> **Assignment**:
Could you print the stretch of lines below from the one with "據雲商平台監測數據顯示,截至" through the one with "[참좋은뉴스= 기자] ㈜정원식품(대표", exactly as they stand and without any pictures?
═══ Extracted information ═══
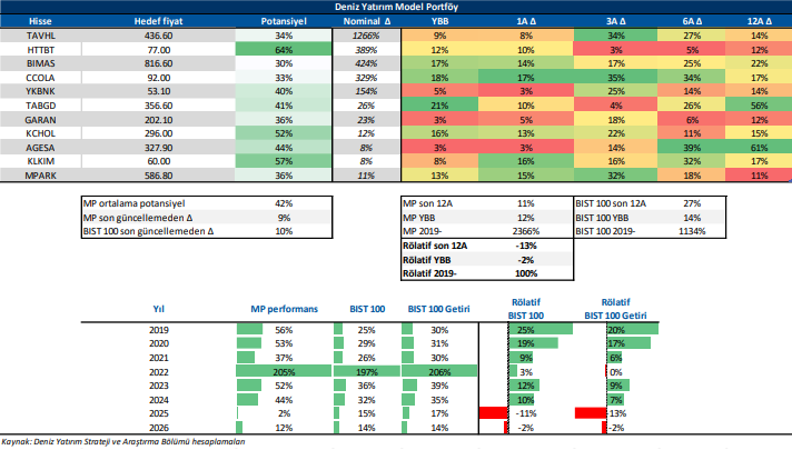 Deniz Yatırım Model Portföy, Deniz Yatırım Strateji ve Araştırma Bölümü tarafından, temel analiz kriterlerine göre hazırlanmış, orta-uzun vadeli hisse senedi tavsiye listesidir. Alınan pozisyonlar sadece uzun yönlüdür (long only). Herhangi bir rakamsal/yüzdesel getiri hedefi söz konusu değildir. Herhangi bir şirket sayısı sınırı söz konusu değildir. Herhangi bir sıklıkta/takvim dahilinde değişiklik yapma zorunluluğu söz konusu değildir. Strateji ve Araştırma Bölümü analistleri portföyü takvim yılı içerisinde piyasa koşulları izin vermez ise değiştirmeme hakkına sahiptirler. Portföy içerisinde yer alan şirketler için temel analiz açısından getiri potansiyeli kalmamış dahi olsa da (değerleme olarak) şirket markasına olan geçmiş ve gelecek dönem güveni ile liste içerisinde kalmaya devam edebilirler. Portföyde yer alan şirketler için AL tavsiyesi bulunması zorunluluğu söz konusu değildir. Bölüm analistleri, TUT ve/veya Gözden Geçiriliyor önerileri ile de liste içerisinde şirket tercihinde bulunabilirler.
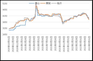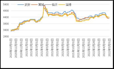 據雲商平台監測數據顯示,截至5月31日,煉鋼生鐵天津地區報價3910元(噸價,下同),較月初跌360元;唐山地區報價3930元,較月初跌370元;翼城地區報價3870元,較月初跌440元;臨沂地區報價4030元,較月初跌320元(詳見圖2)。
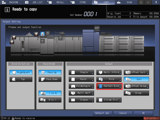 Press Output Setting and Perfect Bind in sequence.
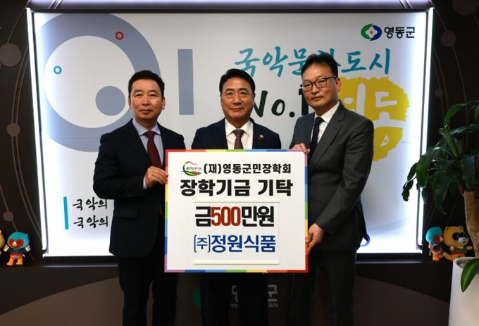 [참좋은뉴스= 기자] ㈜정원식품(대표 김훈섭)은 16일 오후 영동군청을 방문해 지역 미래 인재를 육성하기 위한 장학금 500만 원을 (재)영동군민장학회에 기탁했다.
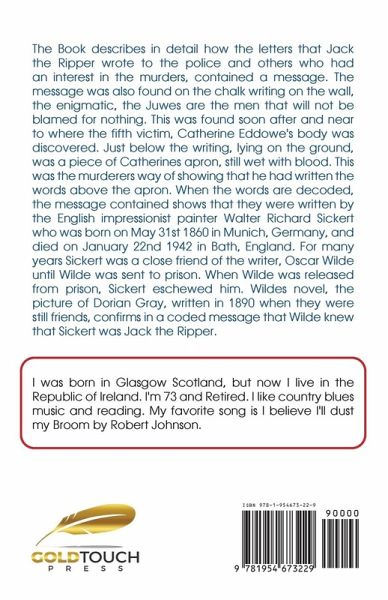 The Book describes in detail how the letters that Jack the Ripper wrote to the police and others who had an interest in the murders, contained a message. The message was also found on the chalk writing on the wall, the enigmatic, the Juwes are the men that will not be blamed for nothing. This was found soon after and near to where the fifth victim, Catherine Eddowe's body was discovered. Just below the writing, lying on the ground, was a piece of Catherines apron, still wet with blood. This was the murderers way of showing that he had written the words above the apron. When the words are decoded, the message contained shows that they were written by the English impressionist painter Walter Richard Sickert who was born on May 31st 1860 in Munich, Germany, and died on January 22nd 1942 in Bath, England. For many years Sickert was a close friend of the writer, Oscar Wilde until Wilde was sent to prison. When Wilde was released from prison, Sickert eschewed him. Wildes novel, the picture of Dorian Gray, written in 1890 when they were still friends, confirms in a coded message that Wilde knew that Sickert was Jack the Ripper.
═══
> **Response to the task**:
 據雲商平台監測數據顯示,截至5月31日,煉鋼生鐵天津地區報價3910元(噸價,下同),較月初跌360元;唐山地區報價3930元,較月初跌370元;翼城地區報價3870元,較月初跌440元;臨沂地區報價4030元,較月初跌320元(詳見圖2)。
 Press Output Setting and Perfect Bind in sequence.
 [참좋은뉴스= 기자] ㈜정원식품(대표 김훈섭)은 16일 오후 영동군청을 방문해 지역 미래 인재를 육성하기 위한 장학금 500만 원을 (재)영동군민장학회에 기탁했다.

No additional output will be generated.